It is generally prudent to avoid the use of angular forms of ellipsoid coordinates in the computational systems that use modern digital computers, and instead use the vector notation (i.e., the direction cosines). Indeed, [Bomford] states as early as 1975 "...such form is symmetrical and much preferred for computations...". If the system records and operates on the sine (s) and cosine (c) of latitude, and if instead of eccentricity, the system uses the squares of the major and minor ellipsoidal semi-axes (asq and bsq, respectively); and if the system will use the results of the mapping in the vector form (u and v, respectively, as the sine and cosine of the spherical latitude), the symmetrical form, (perhaps as suggested by Bomford?), will have the following form:

u = bsq * s
v = asq * c

The above discussion considers only the meridian ellipse, and ignores the fact that in practical implementations the cosine of the latitude will not be known or recorded as an independent value, but will instead be a combination of two direction cosines of the longitude of some point on the ellipsoid. This, however, means only that another square root operation will be required to "fold" and "unfold" the longitude into and from the meridian ellipse: spherical longitude in all such mappings is equal to the ellipsoidal longitude.
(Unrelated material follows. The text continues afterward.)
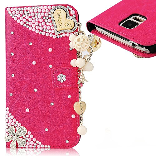 EVTECH(TM) for Samsung Galaxy Note Edge N9510 3D Handmade Bling Crystal LOVE Heart Pendant Sparkle Glitter Rhinestone Diamond Flowers Red PU Leather Wallet Type with Magnetic Clasp Credit Card Holder Design Folio Case Cover

To implement such latitude mapping and its inverse in computer code becomes quite a bit simpler than doing the same for the rigorous conformal transformation (cf. [Quihe], p. 79, production 3.5.1). Indeed, most implementations will, instead of the transcendental and natural logarithm based production mentioned, use an expansion based on the series of terms of the ascending powers of ellipsoid eccentricity (Quihe, p81, production 3.5.0, which includes the terms with e**8). Unlike rigorous conformal mapping, the transformation productions are closed in both directions: this means that there will be no implementation-dependent "drift" if one point is, for some reason, repeatedly transferred between the two surfaces. In contrast, in the case of the rigorous conformal sphere inverse mapping, there is no option but to use either the iteration (as in [Quihe], p.86) or the expansion [Snyder, p.18]).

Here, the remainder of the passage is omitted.